What this task involves: All that is wanted is the exact lines from the first line of the data below through the line with "예를 들어, 댓글 위젯쪽에", both ends included, with pictures omitted.

Provided material:
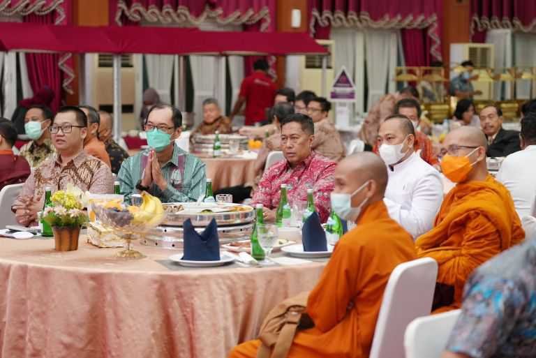Gubernur Sulawesi Selatan, Andi sudirman Sulaiman melakukan silaturahmi bersama para pengurus Persatuan Umat Buddha Indonesia (Permabudhi) di Rujab, Minggu (22/5/2022) malam.
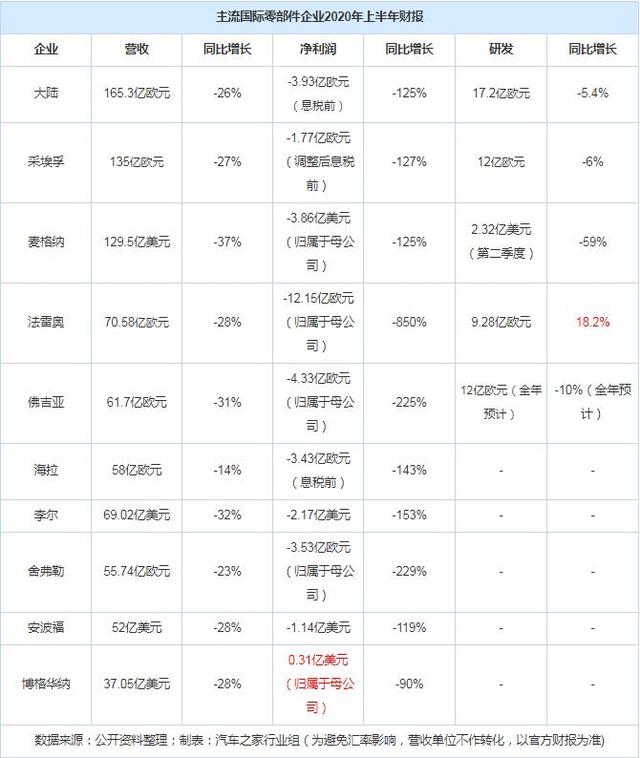 汽车之家梳理了10家主流跨国零部件企业的半年报,其营收全线下跌,平均降幅达25%以上,净利润为负的企业占9家,平均下跌超200%。
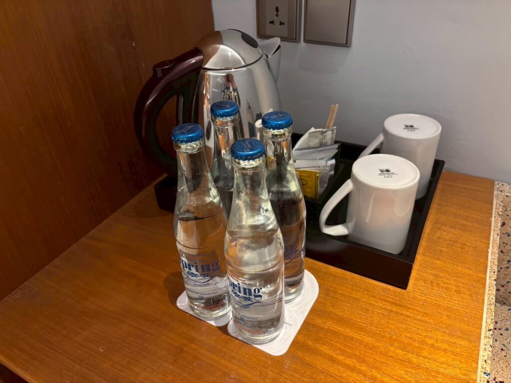 無料の水も4本付いてきます。コーヒーは、パックタイプのものでした。
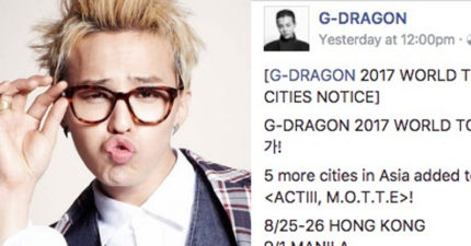 GD宣布巡迴演唱多加5場,10月確定會飛「來台灣」連唱兩天!
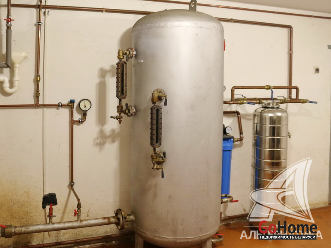 Коммуникации: отопление - газовый котел, твердотопливный и газогенератор, газ - централизованный, водоснабжение - скважина (76 м), гидрофор и колодец, электричество - централизованное, канализация - автономная.
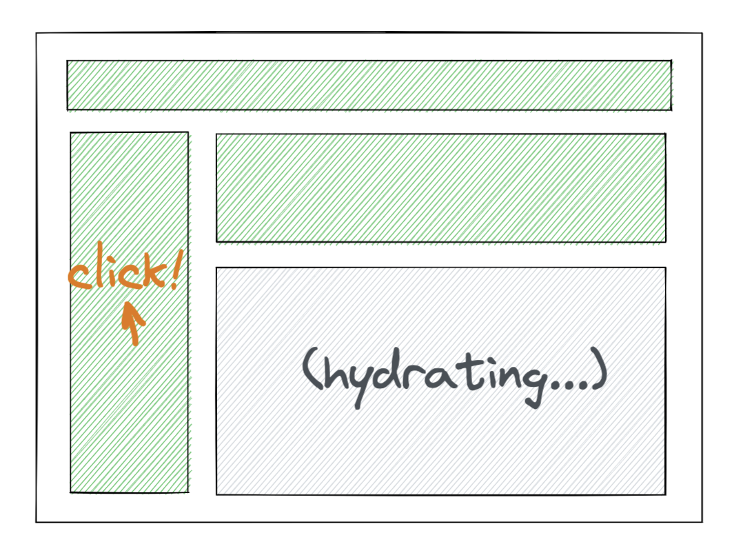 예를 들어, 댓글 위젯쪽에 굉장히 시간이 오래 걸리는 렌더링 로직이 들어있다고 가정해보겠습니다. 한번 Hydration이 시작되면, 전체 컴포넌트 트리가 완전히 Hydration 되기 전까지 유저는 댓글 위젯 뿐 아니라 네비게이션바, 사이드바, 포스팅 본문들 모두와 상호작용할 수 없습니다. 특히 네비게이션바의 경우 유저가 이 페이지 자체에서 떠나고 싶지만, Hydration이 진행되는 동안에는 해당 컴포넌트와 상호작용을 할 수 없으므로 더 이상 보고 싶지 않은 페이지에 남아 있어야 하는 경우가 생기게 됩니다.
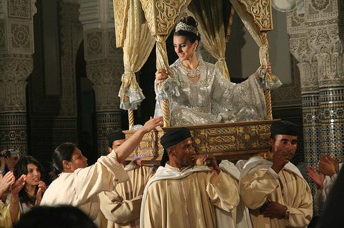 Afgelopen zomer tijdens mijn vakantie in Marokko was ik op weg naar een terrasje om samen met mijn gezin iets te gaan drinken, ondertussen verzamelde zich op het plein een menigte. De reden daarvan was een traditionele bruiloftsstoet die midden op het plein halt hield. De bruid, die leek te komen uit een sprookje van 1001 nacht, zat op een mooi groot wit paard. De bruid was op weg naar haar bruidegom en werd begeleid door vrienden, familie, muzikanten, zangers en dansers die toen de stoet stil hield een optreden gaven. Ondertussen verzamelden steeds meer toeschouwers zich op het plein en begonnen mee te zingen en dansen. Toen de stoet de weg vervolgde lag gelijk het verkeer stil.

Result for this task:
Gubernur Sulawesi Selatan, Andi sudirman Sulaiman melakukan silaturahmi bersama para pengurus Persatuan Umat Buddha Indonesia (Permabudhi) di Rujab, Minggu (22/5/2022) malam.
 汽车之家梳理了10家主流跨国零部件企业的半年报,其营收全线下跌,平均降幅达25%以上,净利润为负的企业占9家,平均下跌超200%。
 無料の水も4本付いてきます。コーヒーは、パックタイプのものでした。
 GD宣布巡迴演唱多加5場,10月確定會飛「來台灣」連唱兩天!
 Коммуникации: отопление - газовый котел, твердотопливный и газогенератор, газ - централизованный, водоснабжение - скважина (76 м), гидрофор и колодец, электричество - централизованное, канализация - автономная.
 예를 들어, 댓글 위젯쪽에 굉장히 시간이 오래 걸리는 렌더링 로직이 들어있다고 가정해보겠습니다. 한번 Hydration이 시작되면, 전체 컴포넌트 트리가 완전히 Hydration 되기 전까지 유저는 댓글 위젯 뿐 아니라 네비게이션바, 사이드바, 포스팅 본문들 모두와 상호작용할 수 없습니다. 특히 네비게이션바의 경우 유저가 이 페이지 자체에서 떠나고 싶지만, Hydration이 진행되는 동안에는 해당 컴포넌트와 상호작용을 할 수 없으므로 더 이상 보고 싶지 않은 페이지에 남아 있어야 하는 경우가 생기게 됩니다.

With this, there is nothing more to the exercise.